- Education: University of Washington
- Occupation: Journalist
- Television: KATU (2008–2021) WMAR-TV (2002–2008) KIRO-TV (1982–2001) KLAS-TV (1981–1982)

= Brian Wood (journalist) =

American journalist

Brian Wood is an American journalist. He has spent most of his career working for news outlets in the Pacific Northwest of the United States.

==Early life==
Wood grew up in Bellevue, Washington, and attended Interlake High School, before graduating from the University of Washington with an honors degree in Political Science and Communications.

==Journalism career==

He shared the 1992 Peabody Award for reporting the documentary When the Salmon Runs Dry which explored the causes and effects of the declining population of wild salmon in the Columbia River system.

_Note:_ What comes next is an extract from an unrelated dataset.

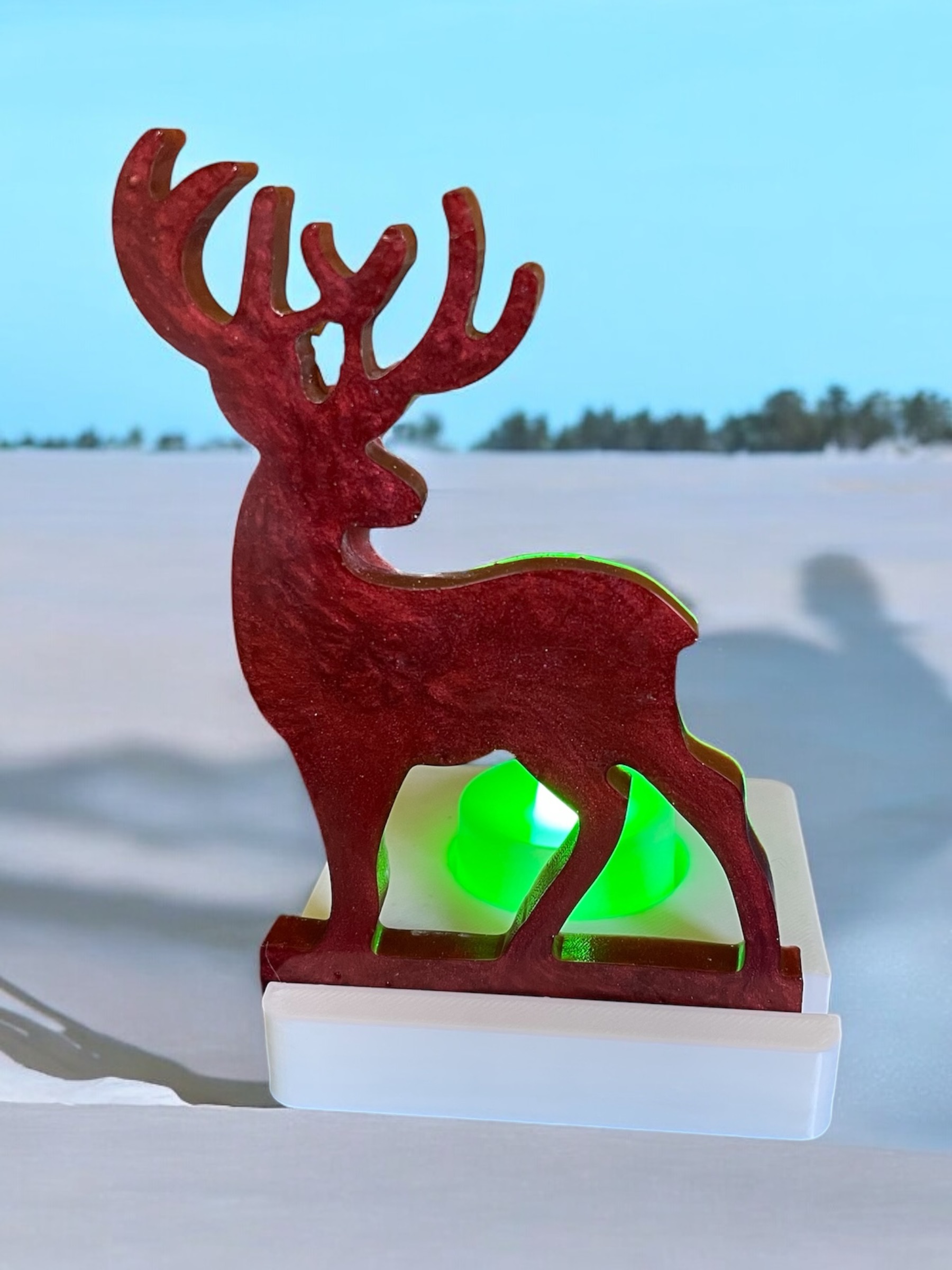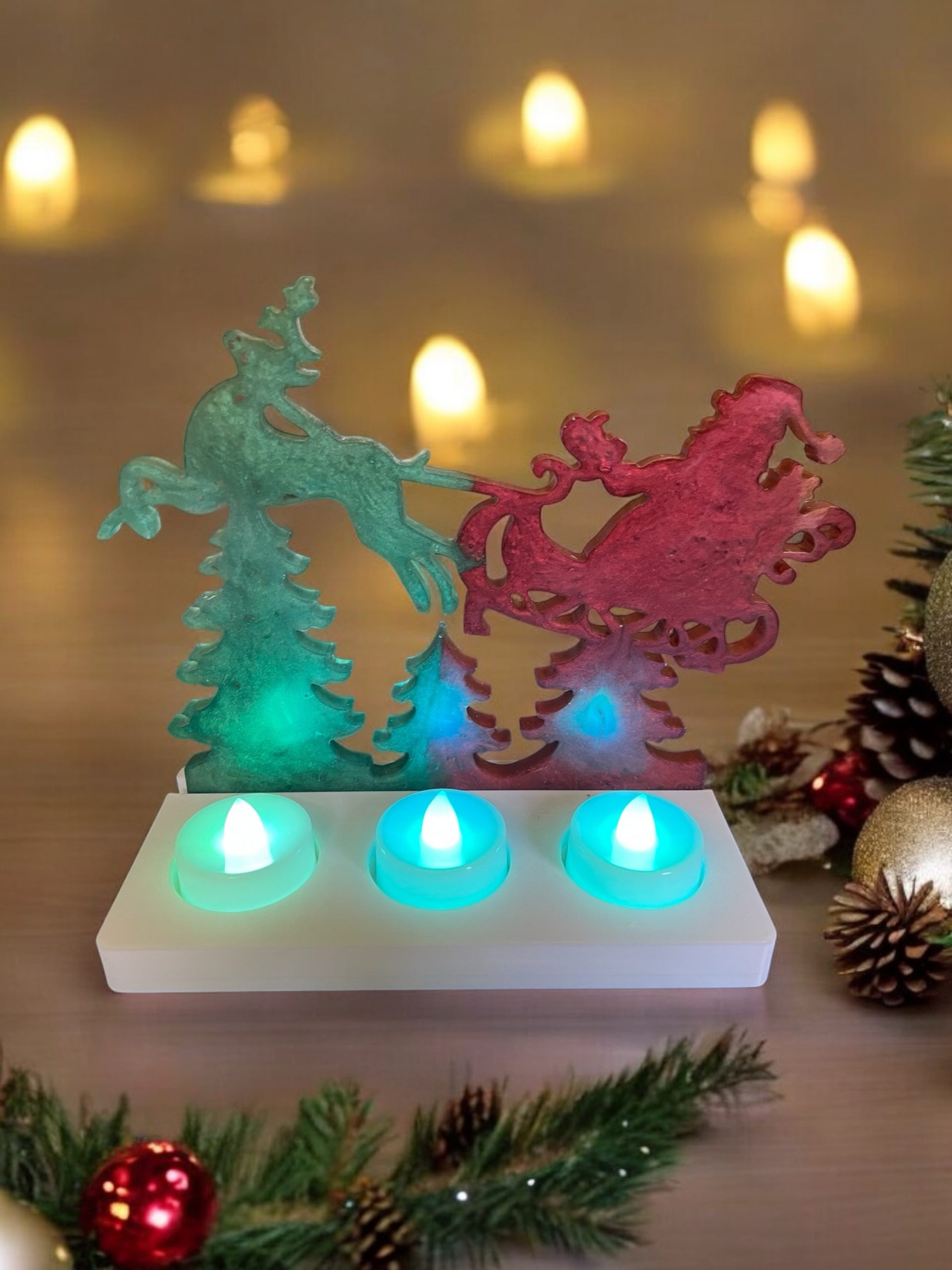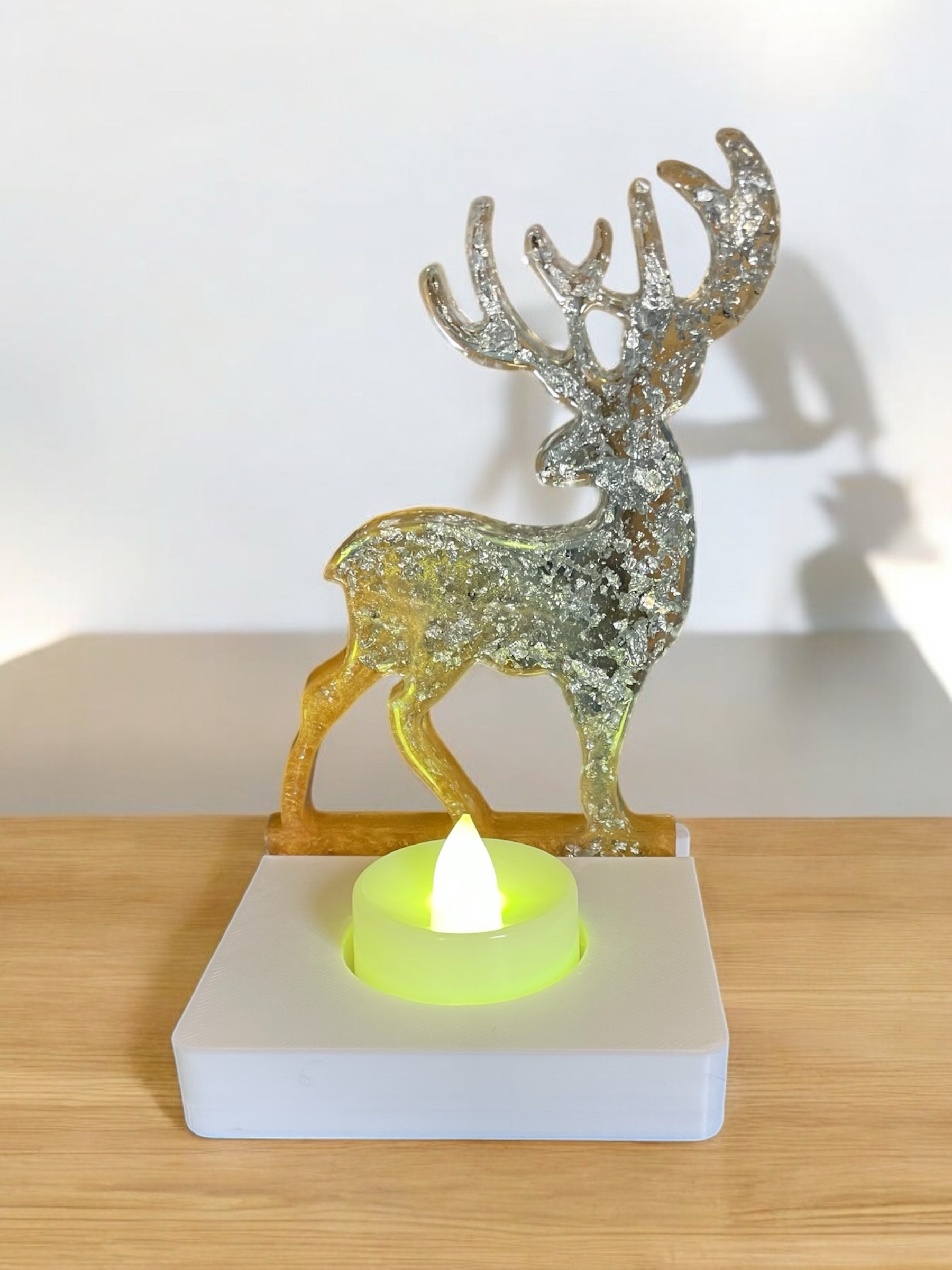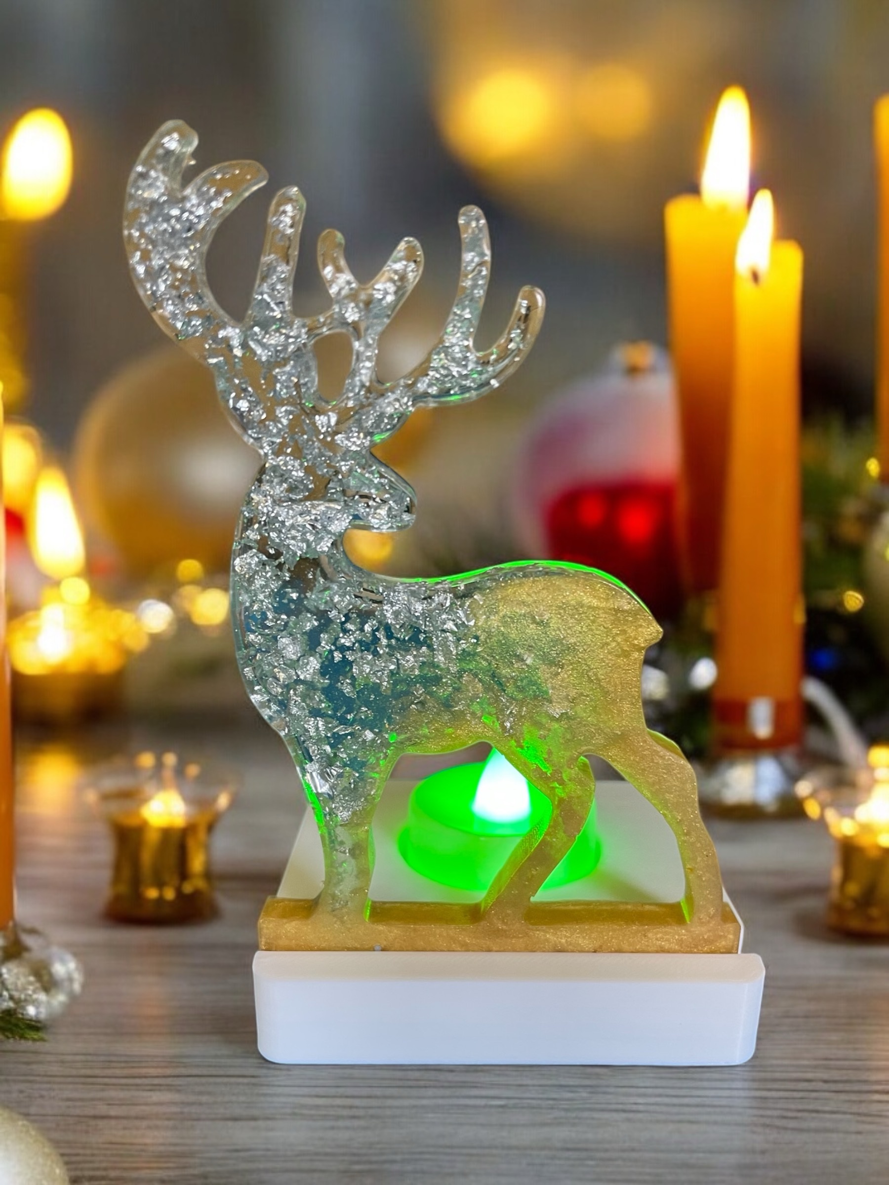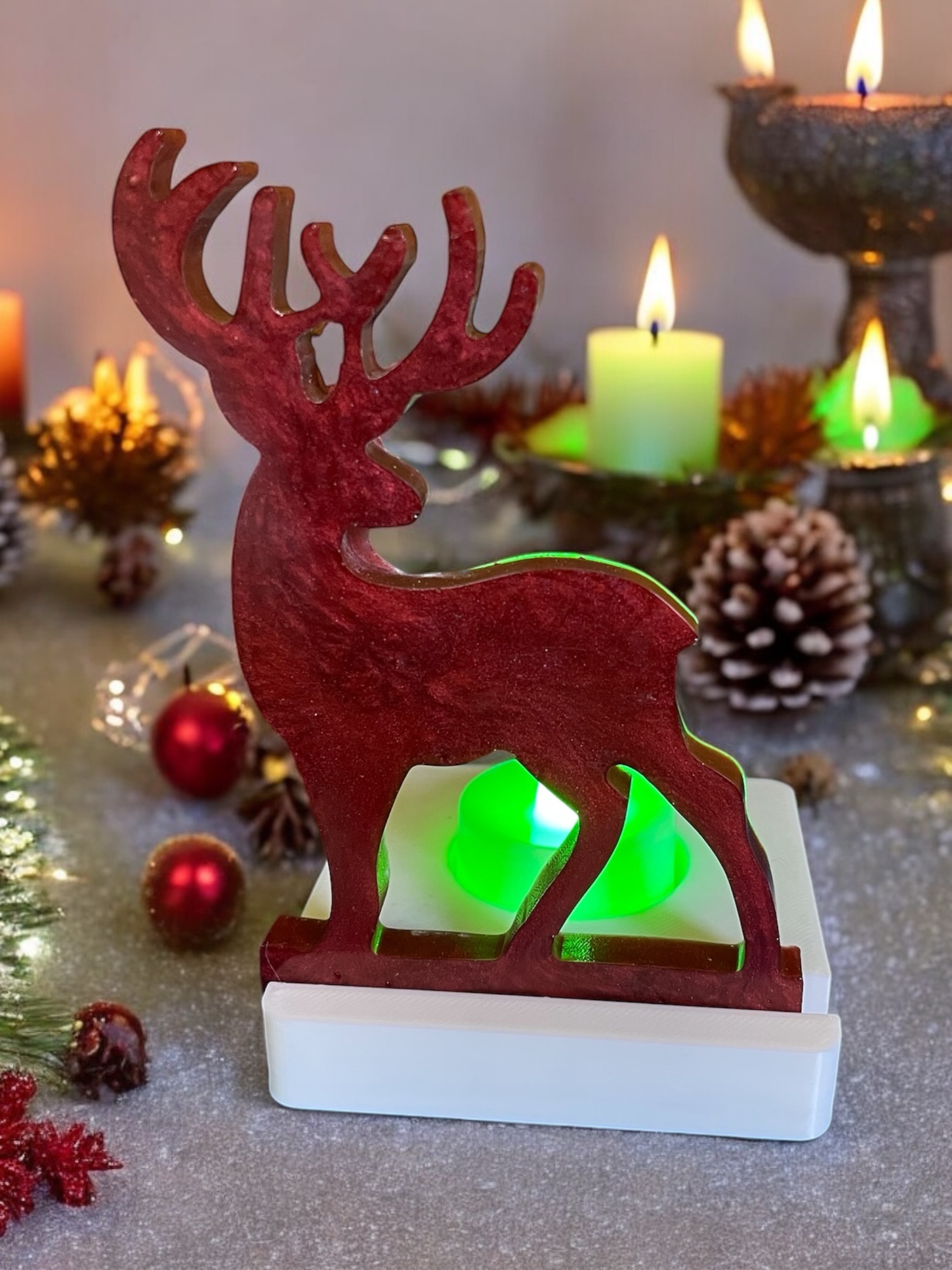 Handmade resin reindeer tea light holder. It is Also available in different colours just note your requirements when ordering. The tea lights are available in white or multi coloured.

His work during the 1998 Olympics in Nagano, Japan was featured in The Seattle Times.

Wood's live reporting as the 2001 Nisqually earthquake hit Seattle on February 28, was broadcast internationally.

Wood was an anchor and reporter for KATU (TV) in Portland, Oregon. From 2002 to 2008 he was the main anchor and managing editor at WMAR-TV in Baltimore, Maryland.

He has also anchored and reported at KIRO-TV in Seattle, Washington, and KLAS-TV in Las Vegas, Nevada.

===Awards and recognition===
Wood has earned four Emmy awards and several AP and Society of Professional Journalists awards for his reporting on, among other subjects, the Green River Killer, the deadly immigrant smuggling on container ships from Hong Kong and the sinking of the Interstate 90 floating bridge in November 1990.